In each area, there is progress – and challenges

With 70% of Americans now vaccinated, the Delta strain is hurting, with infections accelerating to significant levels – but the vaccines work. 

This is a pandemic of the unvaccinated

of the 164 million Americans who are inoculated, 99.9% have not tested positive for Covid

Fewer people still are hospitalized or dead.

The renewed push to get as many as possible protected is now being augmented by mandates from governments and businesses that their employees are to get the jabs as a condition of employment.  (This may prove ultimately to be the key for the last mile of protection here in Australia.)

What about the economy?

Employment is up, the economy is growing at over 6%, and wages are increasing, with $15 per hour the new norm in many businesses.
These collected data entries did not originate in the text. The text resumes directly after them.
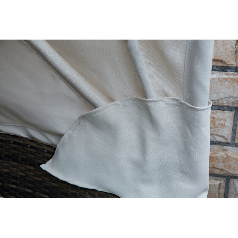 Looked a little smaller than I expected but now I love it. It was easy to put together and you can see the quality of all–base, canopy,and materials. I would buy this company’s products again.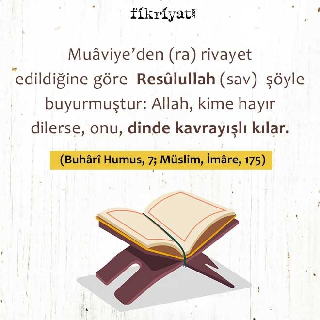 Muâviye'den (ra) rivayet edildiğine göre Resûlullah (sav) şöyle buyurmuştur: Allah, kime hayır dilerse, onu, dinde kavrayışlı kılar.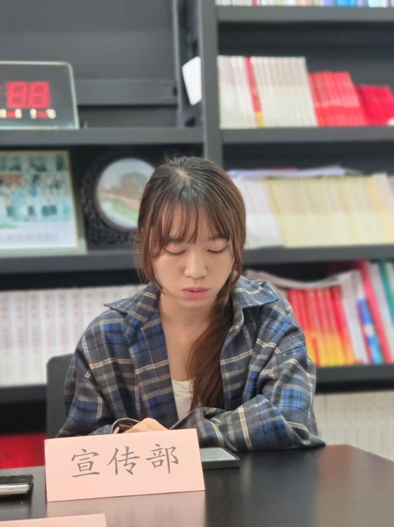 秘书部部长陈李汶、外联部部长李嘉鹏、权益部部长刘芷珊、宣传部部长林心妍分别结合部门职能,汇报活动实施情况与工作成效,针对现存问题进行分析,并提出可行的改进方案,为后续工作开展奠定坚实基础。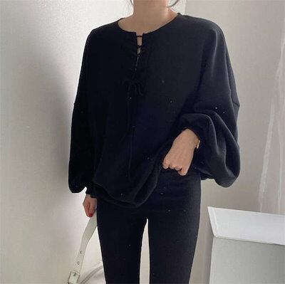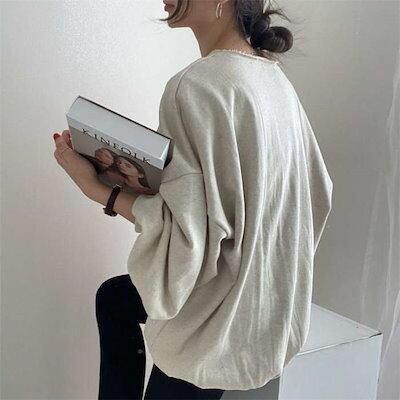スウェット レディース きれいめ トレーナー 秋 春 長袖 キーネック Tシャツ カットソー 長袖 大きめ ゆったりトップス 体型カバー シンプル カジュアル 大きいサイズ ゆるっと ビッグシルエット | gizshop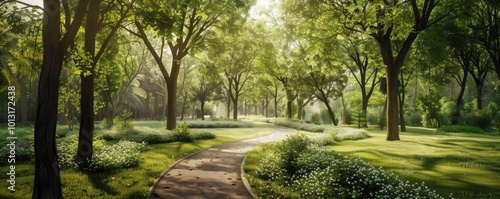 Park with a forested area and winding paths, 4K hyperrealistic photo,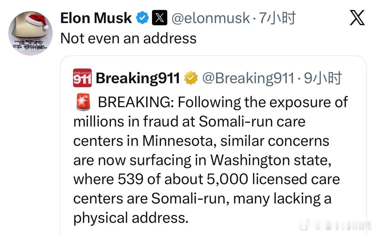 ‼️马斯克评论:“连地址都没有”🔻继明尼苏达州索马里人经营的护理中心被曝光数百万美元的欺诈行为后,华盛顿州也出现了类似的担忧,该州约 5000 家持证护理中心中有 539 家是索马里人经营的,其中许多没有实体地址。热点现场海外编译精选海外新鲜事
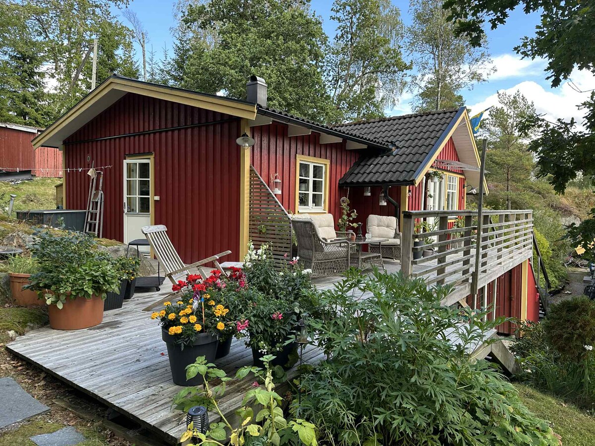 Nyrenoverad stuga med sängplatser för 6 personer. Två sovrum med våningssängar samt ett sovrum med dubbelsäng. Stugan ligger intill en sjö och detta är den enda stugan som finns intill sjön vilket gör att läget är helt ostört och fridfullt! Brygga med badstege finns. Trots sitt lugna och fridfulla läge är det inte mer än ca 10 minuter till livsmedelsaffär och 25 minuter till köpcentrum. Svamp- och bärplock finns runt knuten! Plasteka och åror finns att låna.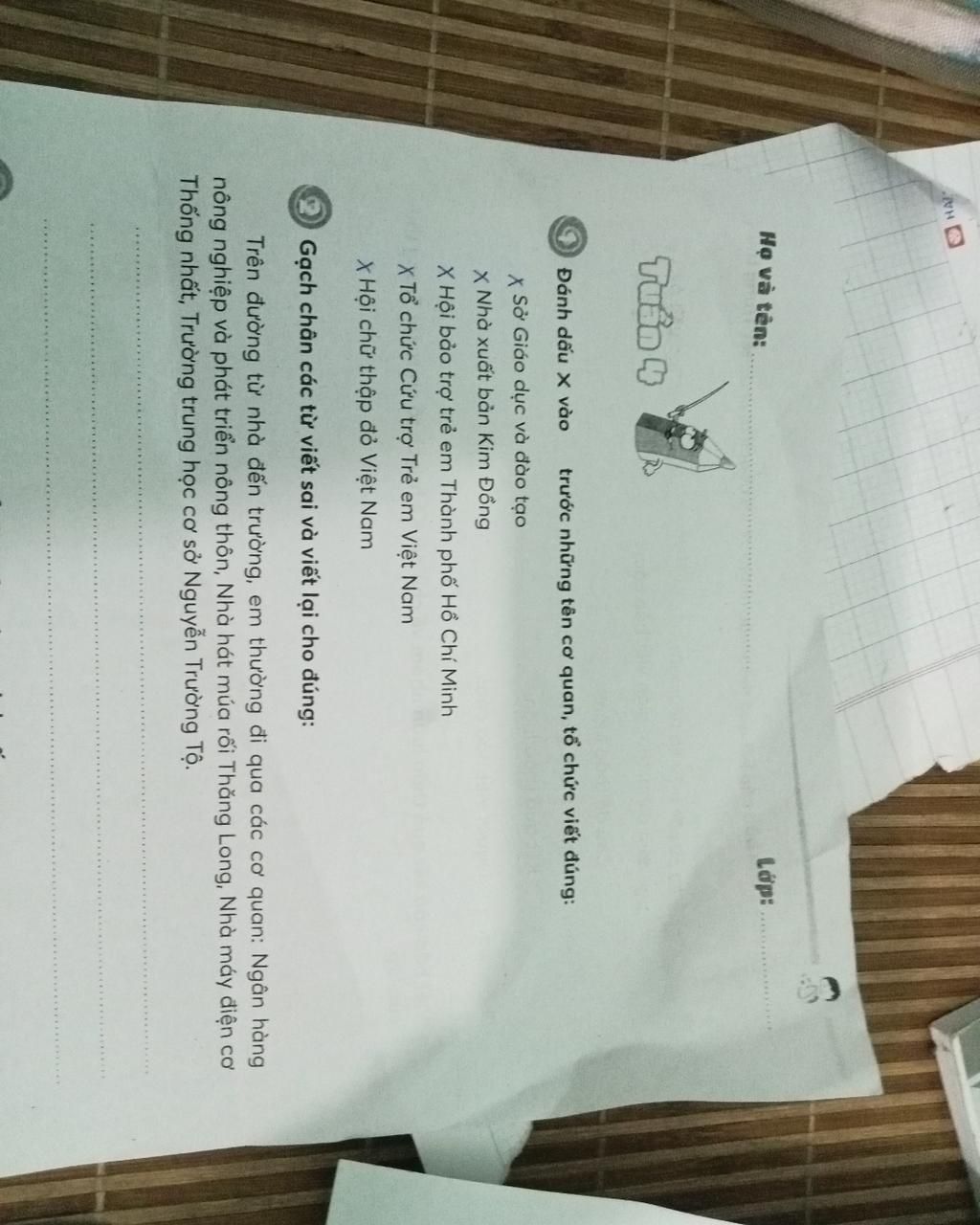 1.Đánh dấu X vào trước những tên cơ quan , tổ chức viết đúng .: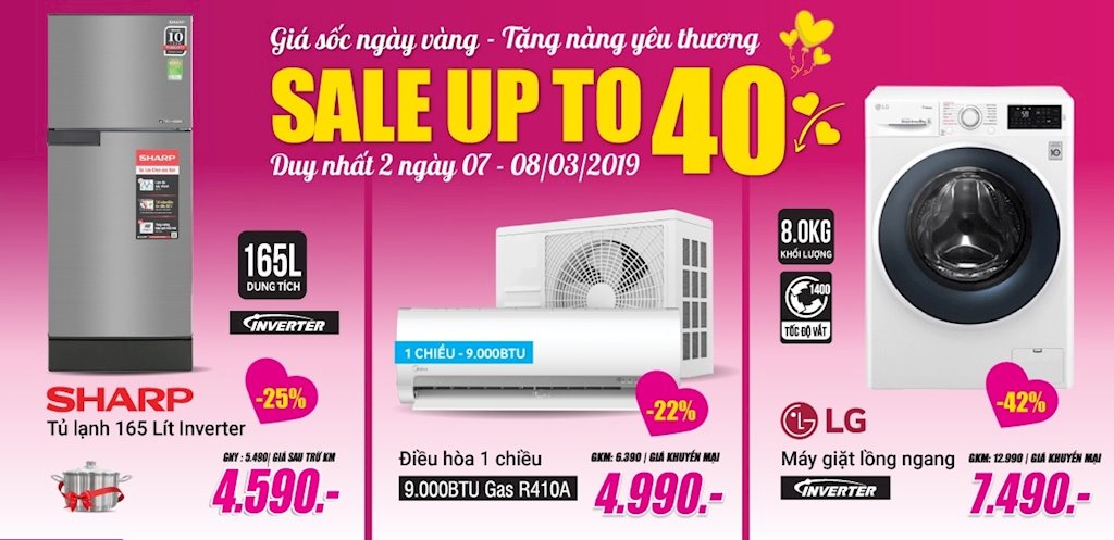 Như chương trình 8300 sản phẩm đồng giá, trong đó đa dạng mặt hàng như tivi, máy giặt, tủ lạnh, nồi cơm điện… được thực hiện trong hai ngày 7 và 8/3/2019. Đáng chú ý, sản phẩm tivi 4K Samsung, Panasonic đồng giá 7,9 triệu đồng; Smart TV 49inch Samsung, Toshiba đồng giá 8,9 triệu đồng.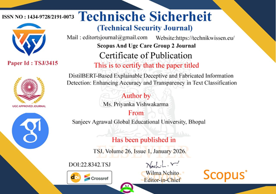 Ms. Priyanka Vishwakarma from Sanjeev Agrawal Global Educational University, Bhopal, published a paper titled “DistillBERT-Based Explainable Deceptive and Fabricated Information Detection: Enhancing Accuracy and Transparency in Text Classification” in Technische Sicherheit (Technical Security Journal), Volume 26, Issue 1, January 2026 (Paper ID: TSJ/3415, DOI: 22.8342.TSJ)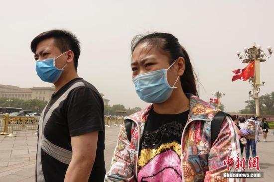 5月4日,北京遭遇沙尘过境,城区天空一片昏黄,局地PM10浓度破2000,空气质量达严重污染级别。中新社记者 崔楠 摄
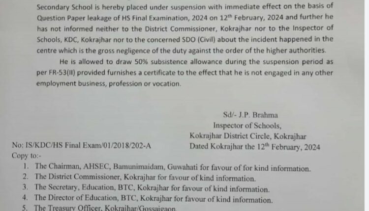 Following the revelation of the paper leak, the Director of Education, BTC, took swift action by ordering the suspension of the school’s principal, identified as Ramendra Nath Roy. Additionally, a departmental inquiry has been initiated to investigate the matter thoroughly and to determine appropriate actions against the principal. The inquiry report will be submitted to the office for further necessary steps.

Child poverty is being cut in half, but employment is still not back at pre-Covid levels. Millions who are behind in their rent face possible eviction in the coming weeks.

While Biden has campaigned strongly on protecting voting rights, ending police violence, gun control, greater access to education and tackling global warming, no legislation on those fronts has yet been enacted. 

On a foreign front – under Biden’s leadership, America is absolutely back with US alliances strong across Europe and Asia

U.S President Joe Biden, left, and Russian President Vladimir Putin, right, talk during their meeting at the ‘Villa la Grange’ in Geneva, Switzerland in Geneva, Switzerland, Wednesday, June 16, 2021. (Mikhail Metzel/Pool Photo via AP)

However, there is turmoil in Afghanistan, prospects have dimmed for a renewed nuclear agreement with Iran, relations with Russia are testy, tensions with China are as intense as ever, and there is no dialogue with North Korea.

In Washington, the toughest tests of Biden’s legislative program are pending right now 

He is applying all the lessons learned from his and President Obama’s first term in working his Democrats and those Republicans who are willing to win his policies on infrastructure, education, climate, and health care. 

Biden knows that his presidency is in the balance.

As Biden battles on, the man he defeated, Donald Trump, continues to spread turmoil and division.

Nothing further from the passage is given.